There are no family relationships between Dr. Gasmi and any director or executive officer of the Company, or any person nominated or chosen by the Company to become a director or executive officer. There are no arrangements or understandings between Dr. Gasmi and any other persons pursuant to which he was selected as interim Chief Scientific Officer. Dr. Gasmi has no direct or indirect material interest in any transaction or currently proposed transaction required to be disclosed pursuant to Item 404(a) of Regulation S-K.

In connection with his appointment as interim Chief Scientific Officer, Dr. Gasmi will be entitled to receive a special, one-time cash bonus of One Hundred Thousand Dollars ($100,000), payable in a lump sum within ten business days of July 22, 2016, subject to Dr. Gasmi’s continued employment with the Company.


Item 7.01 Regulation FD Disclosure.

On July 23, 2015, the Company issued a press release (the “Press Release”) announcing, among other matters, Dr. Chalberg’s resignation and commencement by the Board of searches to identify a permanent Chief Executive Officer and to recruit additional directors to join the Board. The Company also announced that the Board has appointed a special committee, composed of independent directors John P. McLaughlin and Paul D. Wachter, to lead these processes.
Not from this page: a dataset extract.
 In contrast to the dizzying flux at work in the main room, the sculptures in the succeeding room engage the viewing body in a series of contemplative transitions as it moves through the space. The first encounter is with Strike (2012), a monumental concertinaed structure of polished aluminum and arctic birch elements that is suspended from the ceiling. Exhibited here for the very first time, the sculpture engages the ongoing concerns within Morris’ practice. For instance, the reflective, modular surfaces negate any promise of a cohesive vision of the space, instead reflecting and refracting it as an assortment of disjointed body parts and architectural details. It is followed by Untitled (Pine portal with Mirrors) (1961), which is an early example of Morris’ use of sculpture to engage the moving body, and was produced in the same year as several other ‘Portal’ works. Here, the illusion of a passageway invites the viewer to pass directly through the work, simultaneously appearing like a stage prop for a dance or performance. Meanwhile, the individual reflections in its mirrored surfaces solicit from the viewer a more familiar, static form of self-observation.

A copy of the Press Release is furnished as Exhibit 99.1 to this Current Report on Form 8-K and incorporated by reference in this Item 7.01.
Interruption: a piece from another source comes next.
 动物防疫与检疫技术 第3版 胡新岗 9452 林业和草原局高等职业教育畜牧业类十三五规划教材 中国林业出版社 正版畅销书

The information furnished on this Form 8-K, including Exhibit 99.1 attached hereto, shall not be deemed “filed” for purposes of Section 18 of the Securities Exchange Act of 1934, as amended (the “Exchange Act”), or otherwise subject to the liabilities of that section, nor shall it be deemed incorporated by reference into any other filing under the Securities Act of 1933, as amended, or the Exchange Act, except as expressly set forth by specific reference in such a filing.

Item 9.01 Financial Statements and Exhibits

(d) Exhibits

 

Exhibit No.

  

Description

10.1    Separation Agreement and General Release, dated July 23, 2015, by and between Avalanche Biotechnologies, Inc. and Thomas W. Chalberg, Jr., Ph.D.
10.2    Special Bonus Letter, dated July 23, 2015, for Hans P. Hull.
10.3    Special Bonus Letter, dated July 23, 2015, for Mehdi Gasmi, Ph.D.
99.1    Press Release, dated July 23, 2015.


SIGNATURE

Pursuant to the requirements of the Securities Exchange Act of 1934, the registrant has duly caused this report to be signed on its behalf by the undersigned hereunto duly authorized.

 

Date: July 23, 2015     AVALANCHE BIOTECHNOLOGIES, INC.
    By:  

/s/ Hans P. Hull

      Hans P. Hull, President and Chief Executive Officer


EXHIBIT INDEX

 

Exhibit No.

  

Description

10.1    Separation Agreement and General Release, dated July 23, 2015, by and between Avalanche Biotechnologies, Inc. and Thomas W. Chalberg, Jr., Ph.D.
10.2    Special Bonus Letter, dated July 23, 2015, for Hans P. Hull.
10.3    Special Bonus Letter, dated July 23, 2015, for Mehdi Gasmi, Ph.D.
99.1    Press Release, dated July 23, 2015.